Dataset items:
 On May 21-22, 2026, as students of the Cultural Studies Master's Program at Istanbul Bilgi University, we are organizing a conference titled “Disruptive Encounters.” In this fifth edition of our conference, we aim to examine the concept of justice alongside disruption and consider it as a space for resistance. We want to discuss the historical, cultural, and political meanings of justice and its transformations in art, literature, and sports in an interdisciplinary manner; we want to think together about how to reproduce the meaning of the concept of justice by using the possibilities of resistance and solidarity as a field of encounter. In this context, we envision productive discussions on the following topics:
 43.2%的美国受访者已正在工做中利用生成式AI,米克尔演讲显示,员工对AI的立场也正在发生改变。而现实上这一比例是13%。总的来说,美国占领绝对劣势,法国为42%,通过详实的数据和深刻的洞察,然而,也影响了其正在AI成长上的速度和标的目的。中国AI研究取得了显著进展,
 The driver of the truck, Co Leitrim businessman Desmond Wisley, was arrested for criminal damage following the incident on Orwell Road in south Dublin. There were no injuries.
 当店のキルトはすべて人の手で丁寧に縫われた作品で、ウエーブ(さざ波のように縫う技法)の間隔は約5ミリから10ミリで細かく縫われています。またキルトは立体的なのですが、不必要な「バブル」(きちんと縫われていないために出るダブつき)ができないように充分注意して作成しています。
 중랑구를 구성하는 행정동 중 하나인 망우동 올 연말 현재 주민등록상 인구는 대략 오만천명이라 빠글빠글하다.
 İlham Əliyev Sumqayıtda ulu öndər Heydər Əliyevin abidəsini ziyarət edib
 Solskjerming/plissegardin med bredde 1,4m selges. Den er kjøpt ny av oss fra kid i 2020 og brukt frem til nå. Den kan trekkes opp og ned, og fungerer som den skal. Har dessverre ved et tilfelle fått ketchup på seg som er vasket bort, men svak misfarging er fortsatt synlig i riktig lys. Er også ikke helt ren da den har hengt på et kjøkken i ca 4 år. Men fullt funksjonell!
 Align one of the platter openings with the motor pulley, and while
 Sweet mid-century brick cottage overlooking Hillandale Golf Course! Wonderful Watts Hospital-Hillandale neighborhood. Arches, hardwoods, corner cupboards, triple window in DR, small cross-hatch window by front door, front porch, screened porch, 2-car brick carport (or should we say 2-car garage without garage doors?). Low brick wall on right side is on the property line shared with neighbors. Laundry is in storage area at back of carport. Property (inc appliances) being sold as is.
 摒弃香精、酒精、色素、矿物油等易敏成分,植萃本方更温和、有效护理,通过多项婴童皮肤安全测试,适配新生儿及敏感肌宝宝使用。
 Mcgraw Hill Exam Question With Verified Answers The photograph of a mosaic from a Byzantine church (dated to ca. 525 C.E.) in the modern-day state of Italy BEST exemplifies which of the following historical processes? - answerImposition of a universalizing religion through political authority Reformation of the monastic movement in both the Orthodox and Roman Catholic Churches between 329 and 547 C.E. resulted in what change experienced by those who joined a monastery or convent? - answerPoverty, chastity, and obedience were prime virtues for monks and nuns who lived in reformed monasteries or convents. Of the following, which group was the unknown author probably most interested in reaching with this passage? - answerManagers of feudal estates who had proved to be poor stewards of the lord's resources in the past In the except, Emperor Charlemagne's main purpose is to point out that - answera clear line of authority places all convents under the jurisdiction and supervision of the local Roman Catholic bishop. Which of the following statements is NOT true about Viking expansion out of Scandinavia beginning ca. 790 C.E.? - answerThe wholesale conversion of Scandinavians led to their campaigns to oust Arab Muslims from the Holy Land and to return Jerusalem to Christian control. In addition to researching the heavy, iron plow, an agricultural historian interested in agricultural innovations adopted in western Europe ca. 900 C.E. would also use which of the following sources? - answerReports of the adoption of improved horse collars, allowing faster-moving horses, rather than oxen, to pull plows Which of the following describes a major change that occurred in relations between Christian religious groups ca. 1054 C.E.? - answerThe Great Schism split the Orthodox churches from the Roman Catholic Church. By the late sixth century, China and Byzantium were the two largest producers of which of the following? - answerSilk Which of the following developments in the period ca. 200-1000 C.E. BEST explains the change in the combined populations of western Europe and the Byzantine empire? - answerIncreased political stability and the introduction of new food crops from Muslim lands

• **What is being asked**
Once the records have been read, print them all again exactly.

• **Response for this exercise**
 On May 21-22, 2026, as students of the Cultural Studies Master's Program at Istanbul Bilgi University, we are organizing a conference titled “Disruptive Encounters.” In this fifth edition of our conference, we aim to examine the concept of justice alongside disruption and consider it as a space for resistance. We want to discuss the historical, cultural, and political meanings of justice and its transformations in art, literature, and sports in an interdisciplinary manner; we want to think together about how to reproduce the meaning of the concept of justice by using the possibilities of resistance and solidarity as a field of encounter. In this context, we envision productive discussions on the following topics:
 43.2%的美国受访者已正在工做中利用生成式AI,米克尔演讲显示,员工对AI的立场也正在发生改变。而现实上这一比例是13%。总的来说,美国占领绝对劣势,法国为42%,通过详实的数据和深刻的洞察,然而,也影响了其正在AI成长上的速度和标的目的。中国AI研究取得了显著进展,
 The driver of the truck, Co Leitrim businessman Desmond Wisley, was arrested for criminal damage following the incident on Orwell Road in south Dublin. There were no injuries.
 当店のキルトはすべて人の手で丁寧に縫われた作品で、ウエーブ(さざ波のように縫う技法)の間隔は約5ミリから10ミリで細かく縫われています。またキルトは立体的なのですが、不必要な「バブル」(きちんと縫われていないために出るダブつき)ができないように充分注意して作成しています。
 중랑구를 구성하는 행정동 중 하나인 망우동 올 연말 현재 주민등록상 인구는 대략 오만천명이라 빠글빠글하다.
 İlham Əliyev Sumqayıtda ulu öndər Heydər Əliyevin abidəsini ziyarət edib
 Solskjerming/plissegardin med bredde 1,4m selges. Den er kjøpt ny av oss fra kid i 2020 og brukt frem til nå. Den kan trekkes opp og ned, og fungerer som den skal. Har dessverre ved et tilfelle fått ketchup på seg som er vasket bort, men svak misfarging er fortsatt synlig i riktig lys. Er også ikke helt ren da den har hengt på et kjøkken i ca 4 år. Men fullt funksjonell!
 Align one of the platter openings with the motor pulley, and while
 Sweet mid-century brick cottage overlooking Hillandale Golf Course! Wonderful Watts Hospital-Hillandale neighborhood. Arches, hardwoods, corner cupboards, triple window in DR, small cross-hatch window by front door, front porch, screened porch, 2-car brick carport (or should we say 2-car garage without garage doors?). Low brick wall on right side is on the property line shared with neighbors. Laundry is in storage area at back of carport. Property (inc appliances) being sold as is.
 摒弃香精、酒精、色素、矿物油等易敏成分,植萃本方更温和、有效护理,通过多项婴童皮肤安全测试,适配新生儿及敏感肌宝宝使用。
 Mcgraw Hill Exam Question With Verified Answers The photograph of a mosaic from a Byzantine church (dated to ca. 525 C.E.) in the modern-day state of Italy BEST exemplifies which of the following historical processes? - answerImposition of a universalizing religion through political authority Reformation of the monastic movement in both the Orthodox and Roman Catholic Churches between 329 and 547 C.E. resulted in what change experienced by those who joined a monastery or convent? - answerPoverty, chastity, and obedience were prime virtues for monks and nuns who lived in reformed monasteries or convents. Of the following, which group was the unknown author probably most interested in reaching with this passage? - answerManagers of feudal estates who had proved to be poor stewards of the lord's resources in the past In the except, Emperor Charlemagne's main purpose is to point out that - answera clear line of authority places all convents under the jurisdiction and supervision of the local Roman Catholic bishop. Which of the following statements is NOT true about Viking expansion out of Scandinavia beginning ca. 790 C.E.? - answerThe wholesale conversion of Scandinavians led to their campaigns to oust Arab Muslims from the Holy Land and to return Jerusalem to Christian control. In addition to researching the heavy, iron plow, an agricultural historian interested in agricultural innovations adopted in western Europe ca. 900 C.E. would also use which of the following sources? - answerReports of the adoption of improved horse collars, allowing faster-moving horses, rather than oxen, to pull plows Which of the following describes a major change that occurred in relations between Christian religious groups ca. 1054 C.E.? - answerThe Great Schism split the Orthodox churches from the Roman Catholic Church. By the late sixth century, China and Byzantium were the two largest producers of which of the following? - answerSilk Which of the following developments in the period ca. 200-1000 C.E. BEST explains the change in the combined populations of western Europe and the Byzantine empire? - answerIncreased political stability and the introduction of new food crops from Muslim lands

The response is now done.